= Cicera =

Italian card game

Players score a point for capturing the ten of coins

Cicera bigia (also Ciccera biccera or simply Cicera) is an Italian card game closely related to Scopa and played with a 52-card deck of Bresciane playing cards. It is mainly played in the province of Brescia, and most of the technical terms used in the game originate in the local Bresciano dialect of the Lombard language.

==Deck==
The game requires a 52 card deck, hence the traditional local deck having 52 cards rather than the 40-card decks typical throughout the rest of Italy - including the 8, 9 and 10 of each suit. The Trentine patterned deck is also produced in an alternate 52-card version for playing dobellone, another game in the Scopa family, but Bresciane cards are the only Italian set to be produced exclusively in a pack of 52 cards as standard.

==Gameplay==
The game requires four players, each player in partnership with the player opposite. Each player is dealt 12 cards, with the remaining 4 laid face-up on the table.

As in Scopa, players attempt to capture the cards displayed in the centre of the table, by playing a single card on their turn which is equal in value to one of those shown, or equal to the sum of two or more cards shown.
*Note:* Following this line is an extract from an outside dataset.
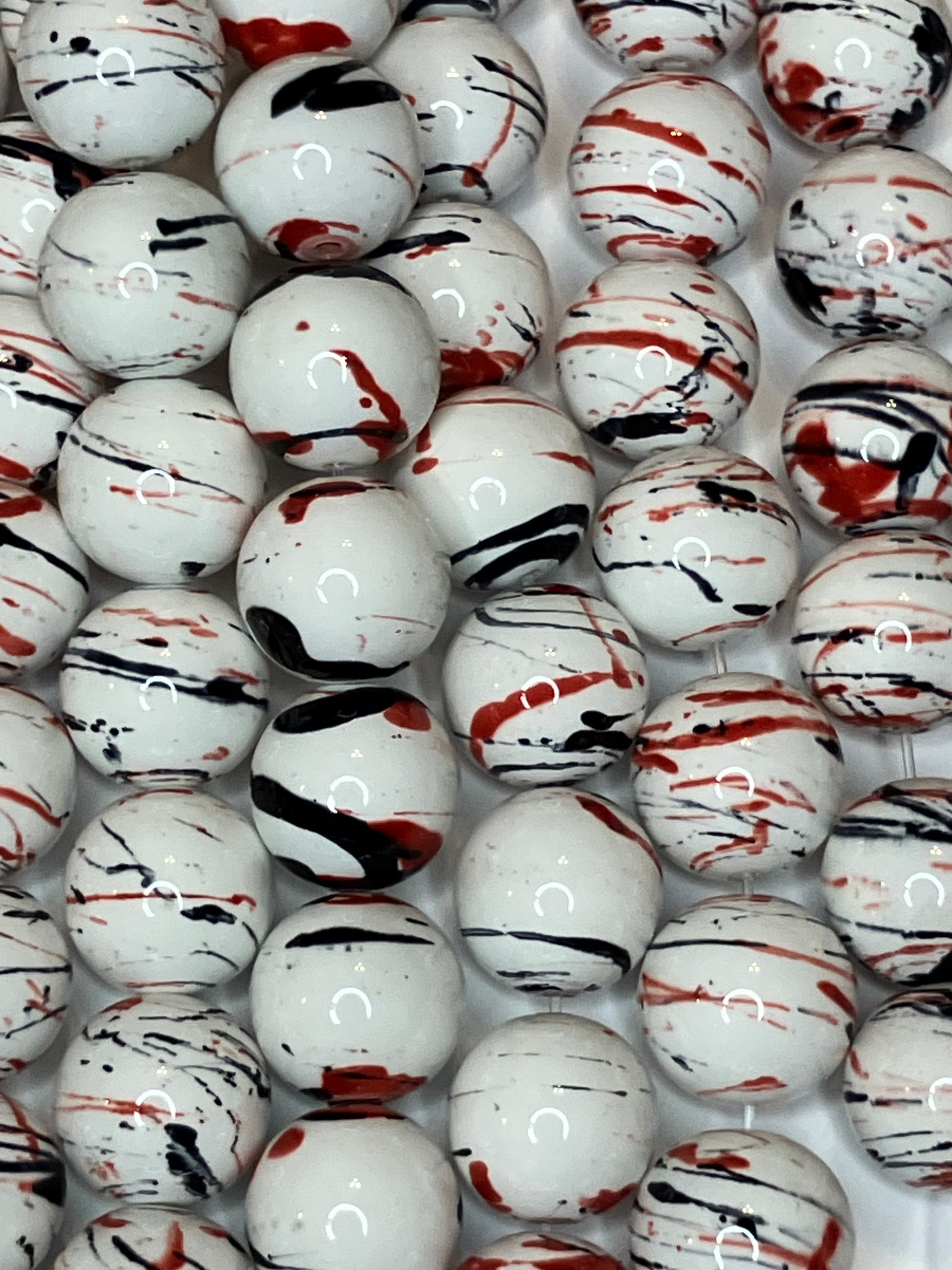 White red and black 40 beads per strand of 10mm glass beads. These beats are used for making bracelets or other DIY projects. Price is listed per one strand.

Cards numbered 1 (ace) through 10 have the value of their number, whilst the court cards (Jack, Knight and King) have no set value and may only be taken by the same card of another suit.

Play continues to the next player in an anti-clockwise direction, until all cards have been played.

==Scoring==
===At the completion of a round===

At the end of a round, each pair combine their captured cards to calculate their final score. Points are awarded as follows:

- Cards (Carte)
  The team that took the majority of cards overall (at least 27) receives 2 points. In the case of a tie, 26-26, each team receives one point.
- Swords (Spade)
  The team that took the majority of cards from the suit of swords (at least 7) receives one point. If a team successfully captures all swords, they automatically win the game, this being called fa Napoleone ("doing Napoleon").
- Naples (Napula)
  If a team captures the Ace, 2 and 3 of swords, they receive points to the value of the highest card in the uninterrupted sequence of swords they have captured. For example, a team who have captured the Ace, 2, 3, 4, 6 and 7 would receive four points, as the 4 was the highest card in the uninterrupted sequence.
- Mata or Beautiful Two (matta, il dó Fino, dó bel, du bel, dó bù, Fìga de Ferr, Felépa sènsa péi)
  The team who capture the two of swords receive one point. This is referred to as the "Beautiful Two" (due bello in Italian, dó bel or dó fino in Lombard) analogous to the "Beautiful Seven" (Settebello - seven of coins) in Scopa. A cruder nickname is the figa de ferr (Iron Vulva), referring to the shape made by the two curved swords.
- Ten of Coins (Dieci Buono, Dés Bèl, Dés bù)
  The team who captured the 10 of coins receives one point.
- Jack of Cups (Fànt Col Cà, Fànt Cagnì, Fànt Gob, Fant bel, San Rocc, Fànt bel, Fànt bù)
  The team who captured the Jack of Cups receives one point. This card has a number of nicknames translating as the "Jack with the dog" (such as fànt col cà or fànt cagnì in the Bresciano dialect, because in the traditional artwork of the deck of Bresciane cards, the Jack of Cups is portrayed with a dog climbing his right leg. Another nickname is San Rocc, the Lombard name of Saint Roch, patron saint of dogs. The nickname Fànt Cagnì in Bresciano is considered part of the local identity, and is used in the names of some bars, restaurants and other businesses in the city.

===During the round===
- Scopa (Scùa)
  As in the game of Scopa, a player receives a point for each scopa (Italian for broom), the action of playing a card that clears all the remaining cards on the table.
- Picada (Picà)
  Players receive a point for playing a card of identical value to the one played immediately beforehand.
- Simili
  Players receive a point for capturing cards with another card of the same suit, such as playing a 7 of coins to collect the 3 and 4 of coins already on the table.
- Quaterna
  Players receive a point for adding four cards to their captured pile in one play - that is, three cards that were already on the table, plus the fourth used to capture them. These do not necessarily need to be of the same suit.
- Cinquina
  In very rare cases, one can collect five cards in one play - this is only possible when an Ace, 2, 3 and 4 are present, and are captured with a 10.

===Combinations===
Any of the above scoring methods can be combined, for example, if a player uses the 9 of coins to capture the 2, 3 and 4 of coins, they score two points, one for the simili and one for the quaterna. Similarly, if a player plays a certain card on the table when empty, and the next player immediately captures it with a card of the same value, they receive two points (one for scùa and one for picà).